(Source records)
○ ○ ○
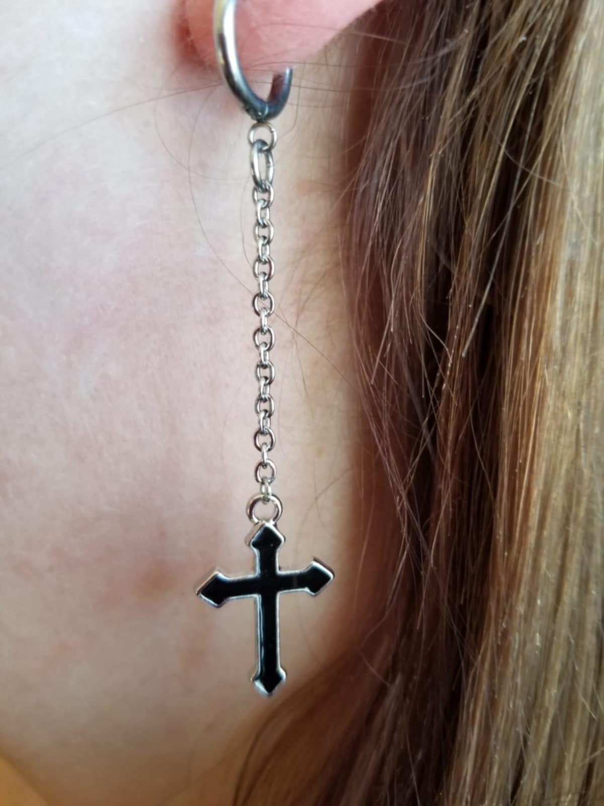 Descriptif : Créoles chaines en acier inoxydable avec croix noires en émail, une avec clip d'oreille. Longueur 7 cm.
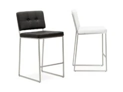 Tabouret de bar ou chaise haute pour mange-debout aux lignes sobres et esthétiques de style industriel.
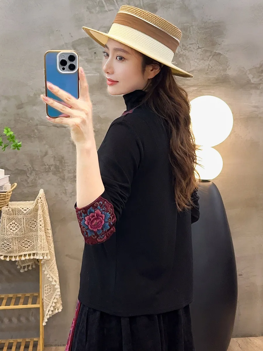 衣都精品- 2023新款民族風純色貼布繡高領長袖上衣
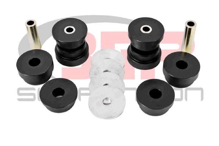 Eliminate rear cradle movement in your S550 Mustang with a Aluminum Rear Cradle Bushing Kit from BMR Suspension. The OE bushings are designed with air pockets and are made from soft rubber. These “voids”, coupled with soft material produce excessive rear cradlel movement during normal and aggressive driving. These bushings are CNC-machined from Aluminum, which is known for its high stiffness, low friction and excellent dimensional stability. This material eliminates deflection with only moderate increases in NVH. Each bushing is machined to exact tolerances, which are designed by BMR. This allows for a perfect fit and increased performance for any driving style. The BMR Aluminum Rear Cradle Bushing Kit (BK048) greatly increases the rigidity and stability of the chassis to provide maximum control and consistency necessary for any form of competition or high performance street driving. Designed for max effort street performance, drag race, and handling applications, BMR Suspension BK048 Aluminum Cradle Bushings are the perfect wheelhop solution for any S550 Mustang where NVH is not a concern. BMR’s Aluminum cradle bushings replace the entire OE rubber bushing, eliminating differential movement by replacing the soft rubber OE bushings with solid two-piece Aluminum bushings. These bushings remove all movement between the rear cradle and chassis, eliminating the deflection that occurs during acceleration, cornering, and braking. This reduces wheelhop and increases handling stability, while giving you a much-improved overall feel in any performance driving situation. BMR Suspension’s BK048 Aluminum Rear Cradle Busing Kit is available in black. Installation time is about 3-4 hours and may vary depending on stock bushing removal technique. Proudly made in the U.S.A.!
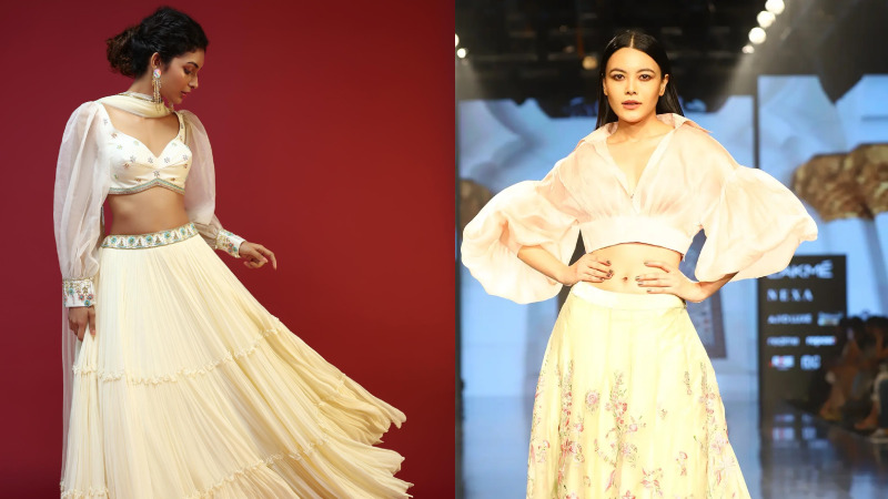 Nowadays, balloon sleeves are really fashionable, and this wedding season, v-neck blouse designs with balloon sleeves are undoubtedly more in style. These give your attire a lot of intrigues and are a terrific way to display your forearms. These are ideal for dresses that are more informal. You can choose a more showy sleeve, particularly if you’re striving for a more laid-back appearance. These are ideal for adding interest to your wedding-season attire. These look nice with more laid-back attire.
○ ○ ○
(ABOUT THIS TASK) The first line of the entries, the line containing "衣都精品- 2023新款民族風純色貼布繡高領長袖上衣", and every line between them are to be output exactly; pictures are not.

(RESULT BELOW)
 Descriptif : Créoles chaines en acier inoxydable avec croix noires en émail, une avec clip d'oreille. Longueur 7 cm.
 Tabouret de bar ou chaise haute pour mange-debout aux lignes sobres et esthétiques de style industriel.
 衣都精品- 2023新款民族風純色貼布繡高領長袖上衣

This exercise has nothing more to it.